The government will establish a "financial supervisory board" on July 1. The Cabinet has already appointed Taiwan Sugar Chairman Kong Jaw-sheng (
Authority over financial management, supervision, inspection and punishment have always belonged to different government agencies -- such as the Ministry of Finance, the Central Bank of China and the Central Deposit Insurance Corporation. This has led to repeated calls for these functions to be brought together under a single supervisory authority. When the Democratic Progressive Party took office, the government finally decided to establish a financial supervisory board with the status of a commission directly under the Cabinet. The new agency will integrate the finance ministry's Bureau of Monetary Affairs, Department of Insurance and Securities and Futures Commission, the central bank's Department of Financial Inspection and the Central Deposit Insurance Corporation's inspection division.
The success of the board lies in its ability to coordinate with these agencies.
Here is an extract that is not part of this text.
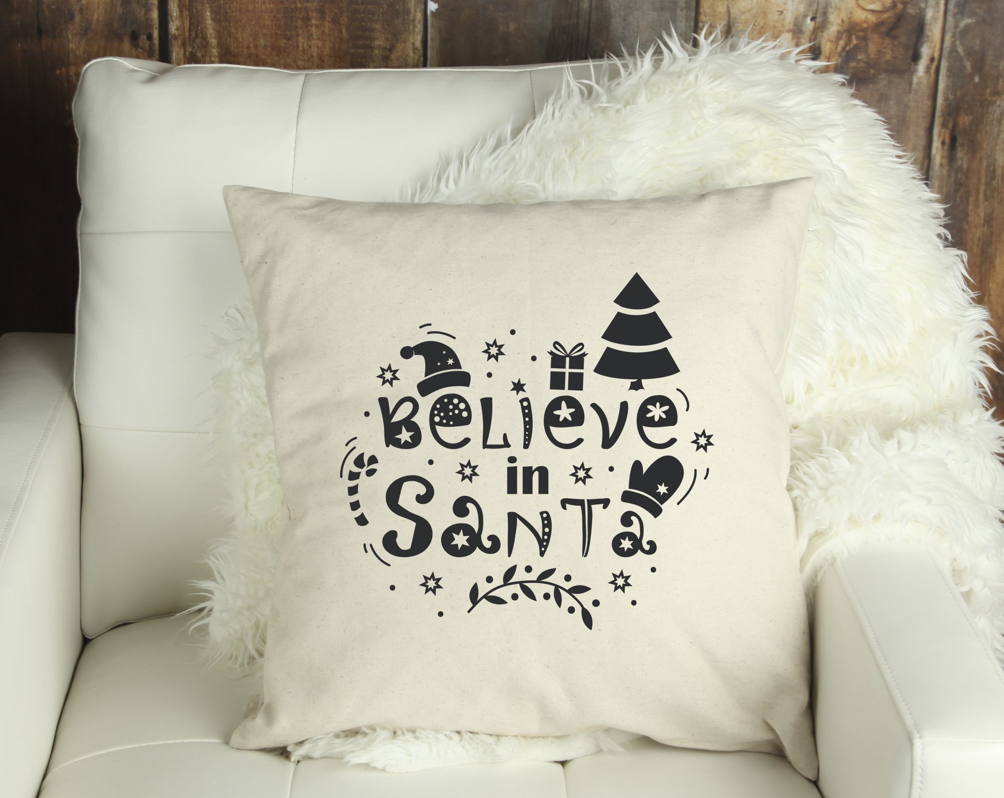 Canvas Pillow square pillow mockup on white leather chair with white fur blanket and rustic brown wood background

Although the central bank's Department of Financial Inspection will be incorporated into the board's functions, the bank insists on retaining its rights to supervise and discipline currency issuance and foreign exchange management. Finance inspection continues to be the province of more than one agency and originally the creation of the board was intended to simplify operations by taking care of the big picture and leaving the details to others. Because its functions are still conducted by other agencies, this might lead to an even more cumbersome financial inspection bureaucracy in which disciplinary authority is separated between many agencies.
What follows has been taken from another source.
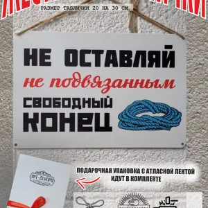 Табличка «не оставляй не подвязанным свободный конец» — это эффективный способ напомнить сотрудникам о важности соблюдения правил техники безопасности. Изготовленная из прочного 100% металла, табличка прослужит долгое время, сохраняя свой презентабельный вид. Размер 30 на 20 см. Шнур-подвес из натурального джута, который идет в подарок к каждой табличке, позволяет легко разместить табличку на стене, заборе или двери, обеспечивая ее заметность. А так же по углам таблички есть отверстия 5 мм, что позволяет разнообразить варианты крепления. Яркий дизайн и четкий текст привлекут внимание и станут постоянным напоминанием о необходимости соблюдать меры предосторожности. Прочная табличка для производственных помещений. Таблички для производства, цеха.

The supervisory board will have four bureaus, for banking, securities and futures, insurance and inspection. This division replicates the Ministry of Finance's Bureau of Monetary Affairs, the Department of Insurance, the Securities and Futures Commission and the central bank's Bank Examination Department within the structure of the board. Yet modern financial products span a variety of financial sectors. A single financial product might involve exchange rates, tax rates, interest rates and insurance rates and is difficult to categorize in conventional terms. If the board still demarcates its organization according to sector rather than function, it will have difficulty responding efficiently and effectively. This underlines the importance of internal integration to the financial supervisory board's success.
As regards the composition of the board, member quotas will be assigned to all political parties to prevent it from falling under the control or working for the financial profit of any particular party. At the same time, government-instituted watchdogs often serve to blur responsibility or simply avoid offending anybody, so that they have great difficulty in actually preventing corruption.
Hopefully the supervisory board will help to work toward creating an international and multifaceted financial market. Its point of departure should be new ways of thinking. In more practical terms it also needs to integrate functions that were previously the domain of various government departments, so that they can become an organic whole, establishing a structure based on the nature and function of various financial instruments. It also needs to maintain close relations with the Ministry of Finance and the central bank. Only in this way can the financial supervisory board perform the functions expected of it -- promoting financial reforms and maintaining the security of Taiwan's financial markets.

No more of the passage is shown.